EXERCISE OBJECTIVE | Copy the first line of the entries below and every line after it through the line containing "הקשר סביבתי : כביש מס. 4". Do not include pictures.

(Stored items)
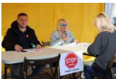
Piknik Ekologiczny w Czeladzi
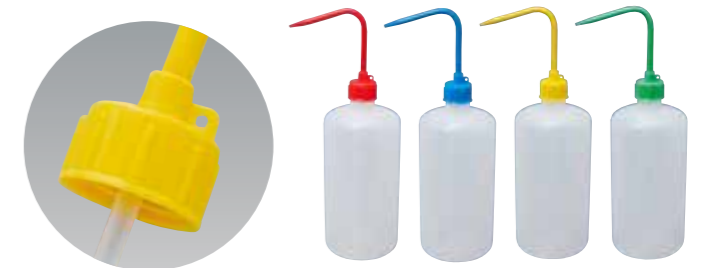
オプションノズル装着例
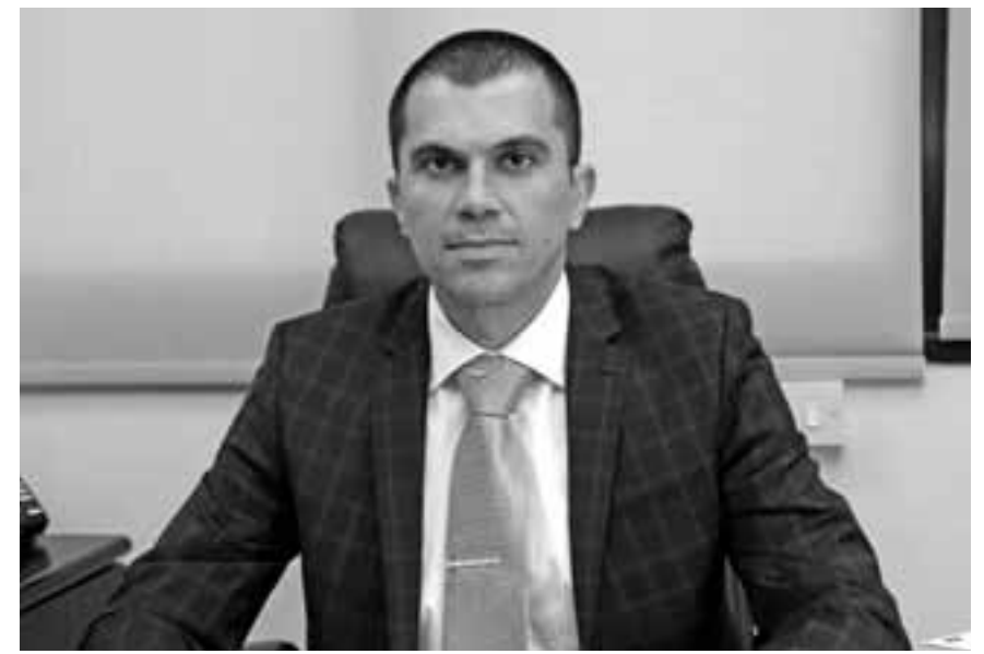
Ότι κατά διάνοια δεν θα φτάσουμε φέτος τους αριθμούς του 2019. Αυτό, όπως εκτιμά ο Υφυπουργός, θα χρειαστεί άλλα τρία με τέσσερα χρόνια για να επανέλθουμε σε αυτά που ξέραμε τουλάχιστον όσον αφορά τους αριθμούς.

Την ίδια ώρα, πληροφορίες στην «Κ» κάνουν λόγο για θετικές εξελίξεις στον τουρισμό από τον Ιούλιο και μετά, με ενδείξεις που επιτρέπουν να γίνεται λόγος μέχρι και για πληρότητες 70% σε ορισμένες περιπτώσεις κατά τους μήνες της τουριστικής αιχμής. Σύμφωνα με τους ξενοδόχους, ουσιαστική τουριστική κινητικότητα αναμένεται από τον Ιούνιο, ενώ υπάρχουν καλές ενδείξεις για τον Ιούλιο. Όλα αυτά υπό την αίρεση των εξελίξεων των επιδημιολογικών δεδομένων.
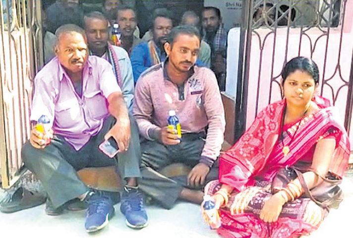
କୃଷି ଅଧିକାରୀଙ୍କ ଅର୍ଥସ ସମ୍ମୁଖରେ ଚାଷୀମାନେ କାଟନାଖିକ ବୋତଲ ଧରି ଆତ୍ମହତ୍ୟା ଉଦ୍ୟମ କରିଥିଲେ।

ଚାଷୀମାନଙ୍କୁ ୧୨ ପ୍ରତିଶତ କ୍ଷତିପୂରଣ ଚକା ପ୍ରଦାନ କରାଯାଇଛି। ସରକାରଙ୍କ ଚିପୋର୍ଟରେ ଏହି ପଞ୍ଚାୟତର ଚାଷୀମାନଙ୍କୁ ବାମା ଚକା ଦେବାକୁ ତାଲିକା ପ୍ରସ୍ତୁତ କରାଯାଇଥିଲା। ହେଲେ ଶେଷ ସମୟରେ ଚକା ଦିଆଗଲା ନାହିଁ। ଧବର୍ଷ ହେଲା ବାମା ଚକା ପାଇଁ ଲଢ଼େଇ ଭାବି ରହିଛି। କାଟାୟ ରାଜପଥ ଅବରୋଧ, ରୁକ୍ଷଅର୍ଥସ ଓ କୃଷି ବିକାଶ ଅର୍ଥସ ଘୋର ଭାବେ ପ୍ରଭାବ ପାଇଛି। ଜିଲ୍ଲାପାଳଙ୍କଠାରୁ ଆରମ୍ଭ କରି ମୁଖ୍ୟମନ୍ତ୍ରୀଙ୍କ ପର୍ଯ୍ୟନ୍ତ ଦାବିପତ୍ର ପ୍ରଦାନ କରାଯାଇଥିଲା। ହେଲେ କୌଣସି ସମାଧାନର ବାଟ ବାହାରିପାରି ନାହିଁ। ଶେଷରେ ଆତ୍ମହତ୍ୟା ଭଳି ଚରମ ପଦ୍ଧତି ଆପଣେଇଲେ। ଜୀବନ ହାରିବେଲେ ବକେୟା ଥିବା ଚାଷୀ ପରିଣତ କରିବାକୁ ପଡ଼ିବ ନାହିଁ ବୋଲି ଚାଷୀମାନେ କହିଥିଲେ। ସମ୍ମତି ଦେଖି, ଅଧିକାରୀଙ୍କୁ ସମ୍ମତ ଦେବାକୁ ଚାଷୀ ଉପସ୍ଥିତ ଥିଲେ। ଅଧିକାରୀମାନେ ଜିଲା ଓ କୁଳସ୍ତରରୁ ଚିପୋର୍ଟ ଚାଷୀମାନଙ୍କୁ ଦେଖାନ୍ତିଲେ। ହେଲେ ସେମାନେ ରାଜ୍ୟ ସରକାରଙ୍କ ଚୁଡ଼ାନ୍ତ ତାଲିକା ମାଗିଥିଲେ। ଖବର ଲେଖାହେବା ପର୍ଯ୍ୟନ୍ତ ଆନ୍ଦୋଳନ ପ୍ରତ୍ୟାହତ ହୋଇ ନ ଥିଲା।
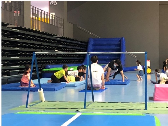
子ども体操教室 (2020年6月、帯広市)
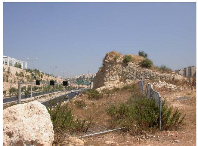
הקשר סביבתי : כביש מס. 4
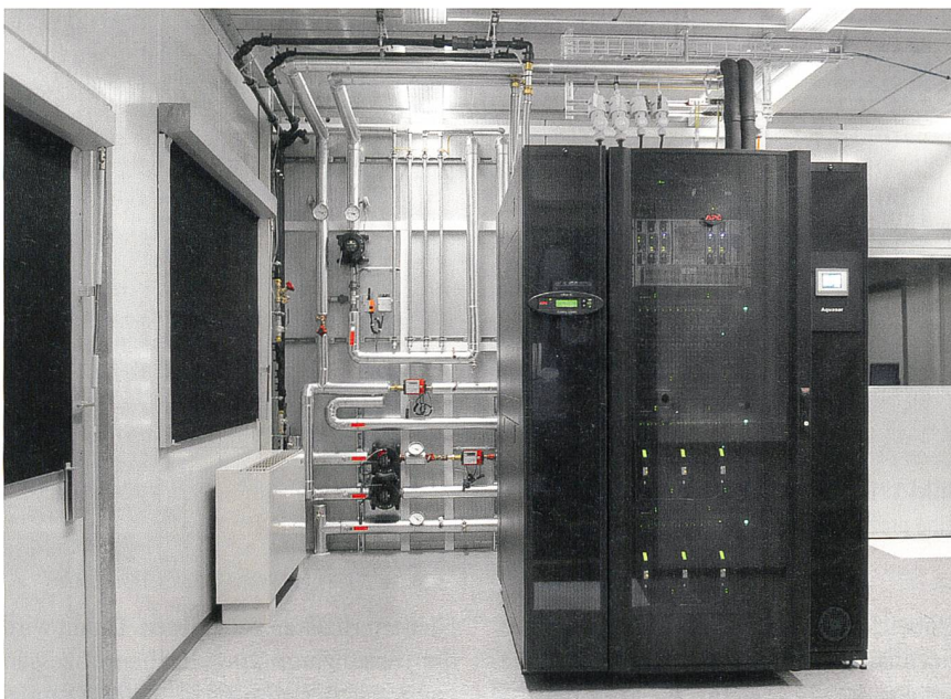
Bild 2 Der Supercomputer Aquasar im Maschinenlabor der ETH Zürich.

ANSWER BOX |
Piknik Ekologiczny w Czeladzi
オプションノズル装着例
Ότι κατά διάνοια δεν θα φτάσουμε φέτος τους αριθμούς του 2019. Αυτό, όπως εκτιμά ο Υφυπουργός, θα χρειαστεί άλλα τρία με τέσσερα χρόνια για να επανέλθουμε σε αυτά που ξέραμε τουλάχιστον όσον αφορά τους αριθμούς.

Την ίδια ώρα, πληροφορίες στην «Κ» κάνουν λόγο για θετικές εξελίξεις στον τουρισμό από τον Ιούλιο και μετά, με ενδείξεις που επιτρέπουν να γίνεται λόγος μέχρι και για πληρότητες 70% σε ορισμένες περιπτώσεις κατά τους μήνες της τουριστικής αιχμής. Σύμφωνα με τους ξενοδόχους, ουσιαστική τουριστική κινητικότητα αναμένεται από τον Ιούνιο, ενώ υπάρχουν καλές ενδείξεις για τον Ιούλιο. Όλα αυτά υπό την αίρεση των εξελίξεων των επιδημιολογικών δεδομένων.
କୃଷି ଅଧିକାରୀଙ୍କ ଅର୍ଥସ ସମ୍ମୁଖରେ ଚାଷୀମାନେ କାଟନାଖିକ ବୋତଲ ଧରି ଆତ୍ମହତ୍ୟା ଉଦ୍ୟମ କରିଥିଲେ।

ଚାଷୀମାନଙ୍କୁ ୧୨ ପ୍ରତିଶତ କ୍ଷତିପୂରଣ ଚକା ପ୍ରଦାନ କରାଯାଇଛି। ସରକାରଙ୍କ ଚିପୋର୍ଟରେ ଏହି ପଞ୍ଚାୟତର ଚାଷୀମାନଙ୍କୁ ବାମା ଚକା ଦେବାକୁ ତାଲିକା ପ୍ରସ୍ତୁତ କରାଯାଇଥିଲା। ହେଲେ ଶେଷ ସମୟରେ ଚକା ଦିଆଗଲା ନାହିଁ। ଧବର୍ଷ ହେଲା ବାମା ଚକା ପାଇଁ ଲଢ଼େଇ ଭାବି ରହିଛି। କାଟାୟ ରାଜପଥ ଅବରୋଧ, ରୁକ୍ଷଅର୍ଥସ ଓ କୃଷି ବିକାଶ ଅର୍ଥସ ଘୋର ଭାବେ ପ୍ରଭାବ ପାଇଛି। ଜିଲ୍ଲାପାଳଙ୍କଠାରୁ ଆରମ୍ଭ କରି ମୁଖ୍ୟମନ୍ତ୍ରୀଙ୍କ ପର୍ଯ୍ୟନ୍ତ ଦାବିପତ୍ର ପ୍ରଦାନ କରାଯାଇଥିଲା। ହେଲେ କୌଣସି ସମାଧାନର ବାଟ ବାହାରିପାରି ନାହିଁ। ଶେଷରେ ଆତ୍ମହତ୍ୟା ଭଳି ଚରମ ପଦ୍ଧତି ଆପଣେଇଲେ। ଜୀବନ ହାରିବେଲେ ବକେୟା ଥିବା ଚାଷୀ ପରିଣତ କରିବାକୁ ପଡ଼ିବ ନାହିଁ ବୋଲି ଚାଷୀମାନେ କହିଥିଲେ। ସମ୍ମତି ଦେଖି, ଅଧିକାରୀଙ୍କୁ ସମ୍ମତ ଦେବାକୁ ଚାଷୀ ଉପସ୍ଥିତ ଥିଲେ। ଅଧିକାରୀମାନେ ଜିଲା ଓ କୁଳସ୍ତରରୁ ଚିପୋର୍ଟ ଚାଷୀମାନଙ୍କୁ ଦେଖାନ୍ତିଲେ। ହେଲେ ସେମାନେ ରାଜ୍ୟ ସରକାରଙ୍କ ଚୁଡ଼ାନ୍ତ ତାଲିକା ମାଗିଥିଲେ। ଖବର ଲେଖାହେବା ପର୍ଯ୍ୟନ୍ତ ଆନ୍ଦୋଳନ ପ୍ରତ୍ୟାହତ ହୋଇ ନ ଥିଲା।
子ども体操教室 (2020年6月、帯広市)
הקשר סביבתי : כביש מס. 4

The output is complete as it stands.